──────── INFORMATION ────────

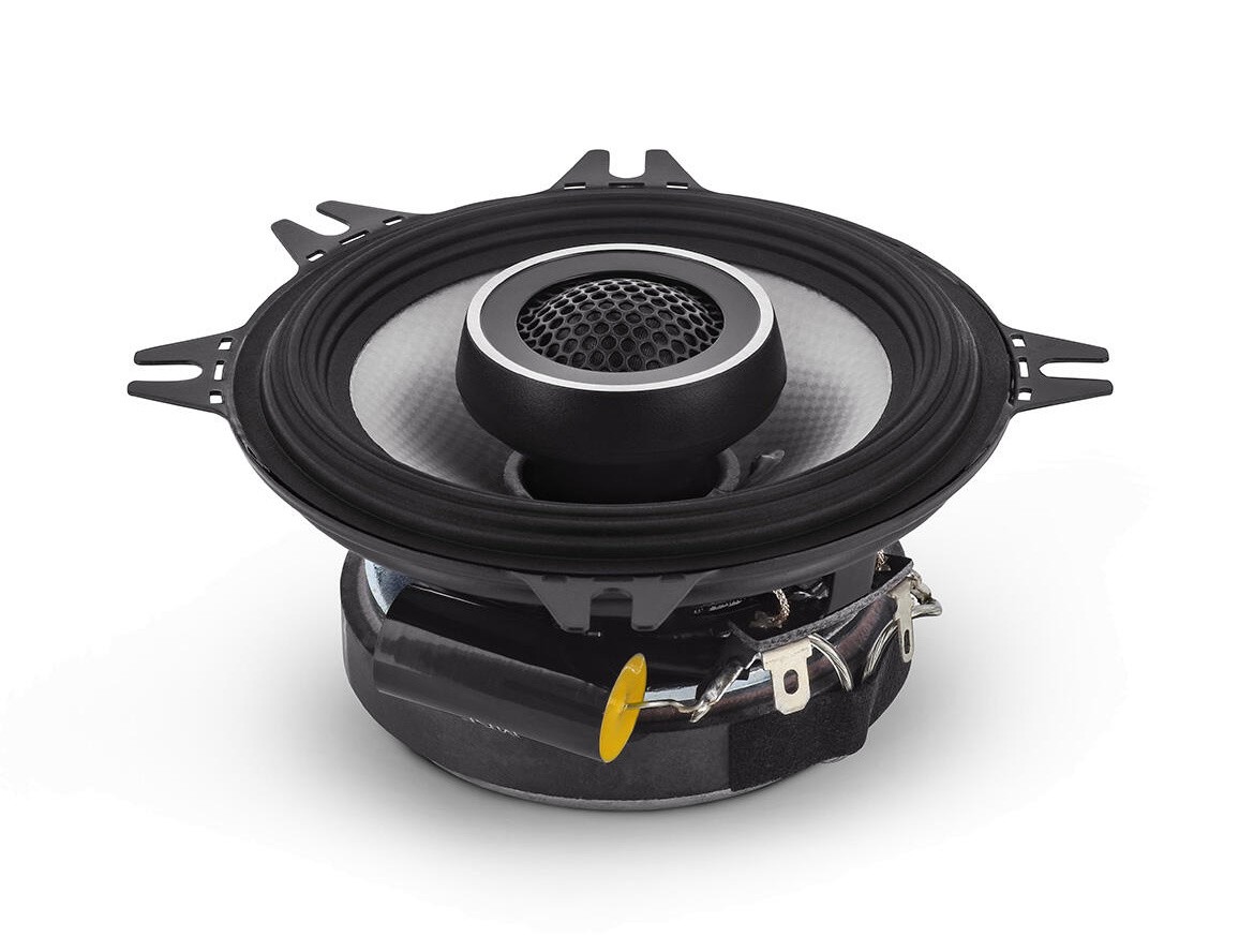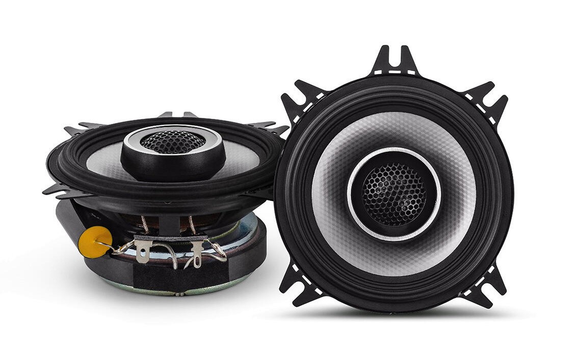 | Typy reproduktorov Koaxiálne reproduktory: Koaxiálne reproduktory sa vyznačujú konštrukciou tzv. Všetko v jednom. Výškový a stredobasový reproduktor sú v jednom koši. Výhodou je jednoduchšia montáž, ale vďaka spojeniu resp. blízkosti pásiem v jednom reproduktore, sa zvyčajne zníži kvalita zvuku. Spravidla uprostred stredobasového reproduktora, je výškový reproduktor, ktorého kmitacia cievka pracuje v druhej vzduchovej medzere spoločného magnatického obvodu. Trojpásmový koaxiálny reproduktor sa skladá zo stredobasového reproduktora, v predu na osobitnom nosníka je stredový reproduktor a samostatný výškový. Komponentné reproduktory: Komponentné reproduktory sa vyznačujú rozdelením na jednotlivé frekvenčné pásma, výškové + stredobasové + popr. basové pásmo. Jednotlivé reproduktory sa dajú umiestniť úplne oddelene, čo má za výsledok lepší zvukový aj akustický prejav. V drvivej väčšine prípadov komponentných reproduktorov je dodávaná aj externá výhybka, ktorá rozdeľuje výškové, stredové / stredobasové a u třípásma aj basové pásmo popr. umožňuje nastavenie decibelovej úrovne u výškového reproduktoru (napr. +2 dB, 0 dB, -2 dB), strmosti (napr. 6dB / okt. 12dB / okt.) či aktívne alebo bi-amp zapojenia. | Koaxiálne 2pásmové |
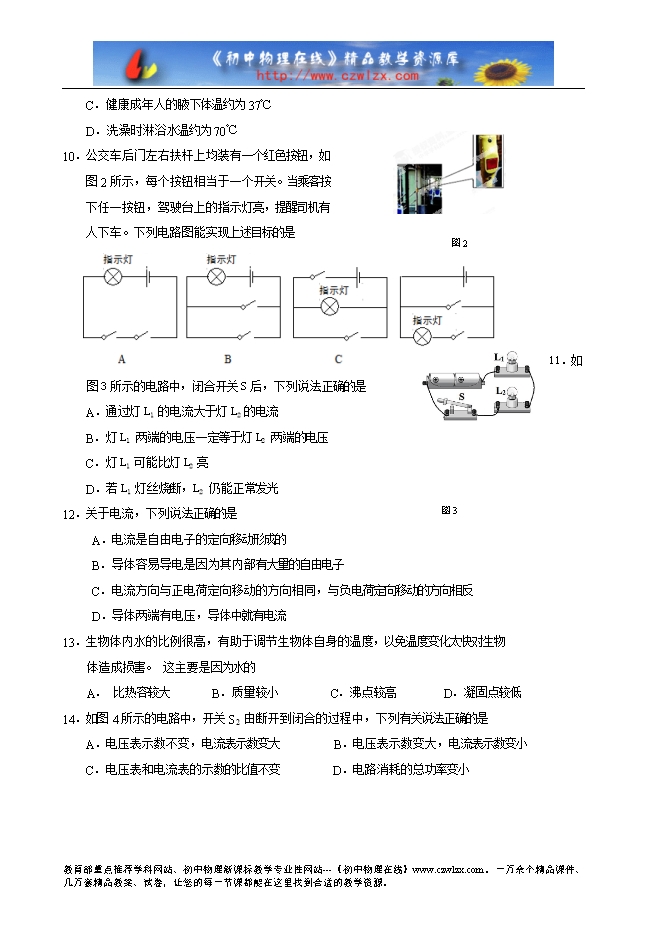 1.下列物理量中,以科学家的名字安培作为单位的物理量是
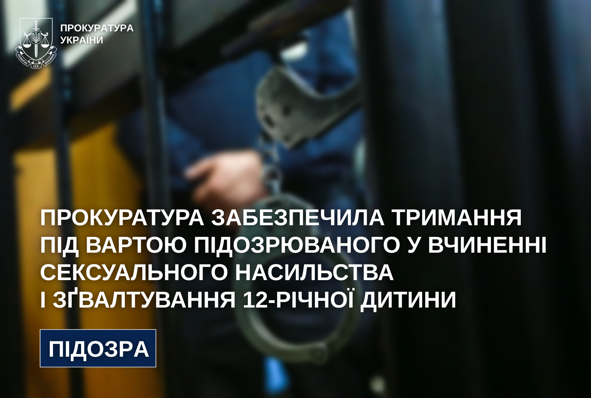 Прокуратура забезпечила тримання під вартою підозрюваного у вчиненні сексуального насильства і зґвалтування 12-річної дитини
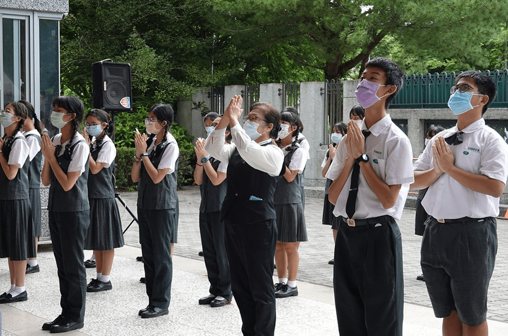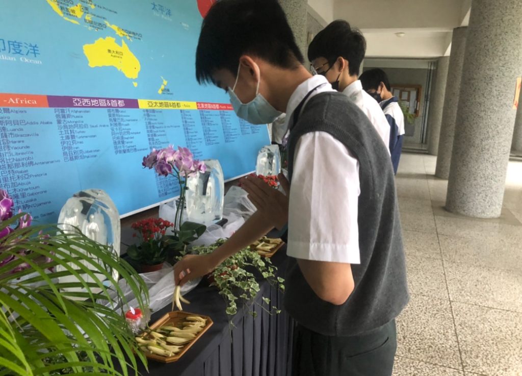 五月十二日在李玲惠校長與校內主管的帶領下,虔誠獻上燈燭與花香,在校內透過雲端連線開啟浴佛的序幕,為避免群聚與感染風險,分別於十二日、十三日舉辦多場班級的小型浴佛,全校師生用最虔誠恭敬的心,祈願戰爭、疫情早日消弭。
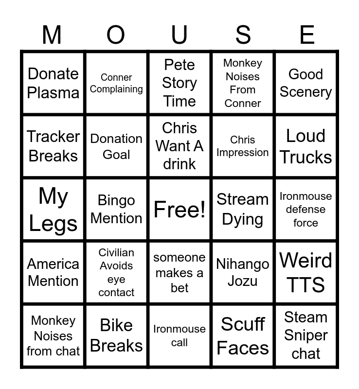 This bingo card has a free space and 27 words: Nihango Jozu, Weirdly sexual comment, Chris Impression, Ironmouse call, Tracker Breaks, Pete Story Time, Conner Complaining, America Mention, Stream Dying, Weird TTS, My Legs, Monkey Noises From Conner, Monkey Noises from chat, Bike Breaks, Loud Trucks, Loudly Enjoy Food, Donation Goal, Chris Want A drink, Civilian Avoids eye contact, Donate Plasma, Ironmouse defense force, Scuff Faces, Bingo Mention, Steam Sniper chat, someone makes a bet, Good Scenery and Ludwig Mention.
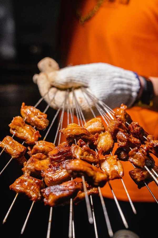 不管天南地北,重口味是宵夜的统一气质,店里的BGM总是放着老歌,一下子把人拉回80/90年代,轻松自在的店内氛围更是吸引过路人,大家在这恣意闲聊,畅快喝酒。
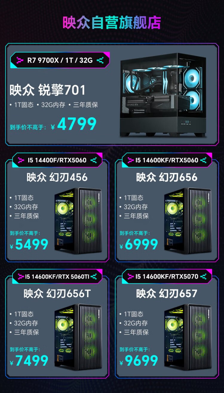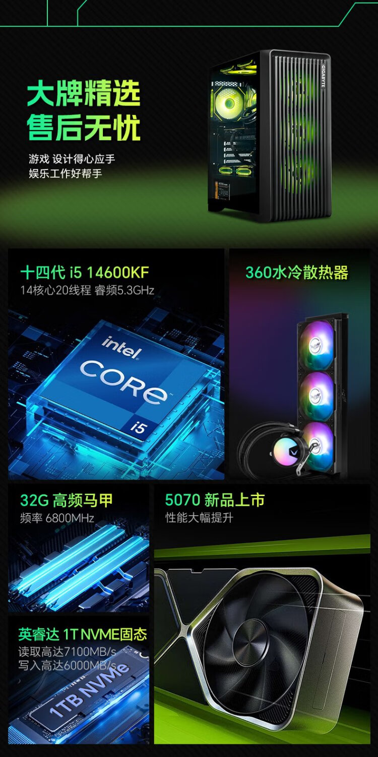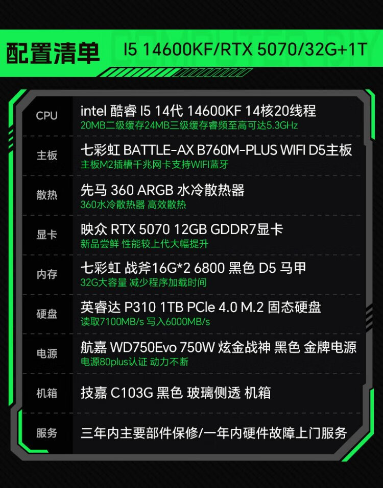 Yingzhong Magic Blade 657 i5 14600KF/RTX5070/32G/1TB solid-state desktop computer game desktop computer host complete set of national subsidy 20%
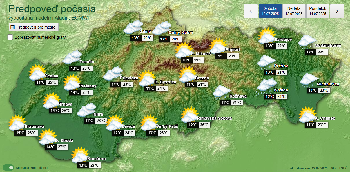A legmagasabb nappali hőmérséklet 22 és 27 Celsius-fok között alakul, azonban a hűvösebb térségekben – a Zsolnai kerületben, Felső-Szepességben és Gömör vidékén – inkább 18–22 fok közötti értékekre számíthatunk.
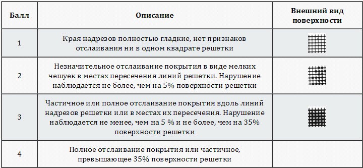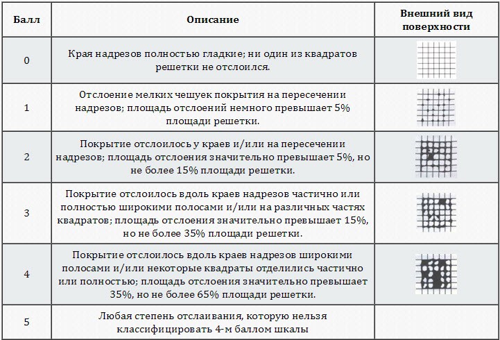 | Баллы определения и оценки адгезии | 1-4 (по ГОСТ 15140 метод решетчатых надрезов) 1-3 (по ГОСТ 15140 метод параллельных надрезов) 0-5 (по ISO 2409, ISO 16276-2, ASTM D3359) |
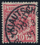 | Zusatzinformationen und Suchstichworte: | HBA 81. Auktion 11. - 13. Mai 2023 Los 1129 (D) Deutsche Kolonien Kiautschou Mitläufer 1901, Krone/Adler mit steilem Aufdruck, 10 Pfg., dunkelrosa(rot), gelblichorange quarzend, als Mitläufer sehr sauber gestempelt "KIAUTSCHOU DP 19 3 01", tadellose Kabinetterhaltung, gepr. Jäschke-Lantelme mit neuem Fotoattest, Mi./Dr. Steuer (x4) 920,-- Zuschlag 210,00 EUR |

────────

WHAT THIS TASK INVOLVES >>
Copy out the lines above from the line containing "Прокуратура забезпечила тримання" through the line containing "五月十二日在李玲惠校長與校內", exactly, and keep the pictures out.

EXPECTED ANSWER >>
 Прокуратура забезпечила тримання під вартою підозрюваного у вчиненні сексуального насильства і зґвалтування 12-річної дитини
 五月十二日在李玲惠校長與校內主管的帶領下,虔誠獻上燈燭與花香,在校內透過雲端連線開啟浴佛的序幕,為避免群聚與感染風險,分別於十二日、十三日舉辦多場班級的小型浴佛,全校師生用最虔誠恭敬的心,祈願戰爭、疫情早日消弭。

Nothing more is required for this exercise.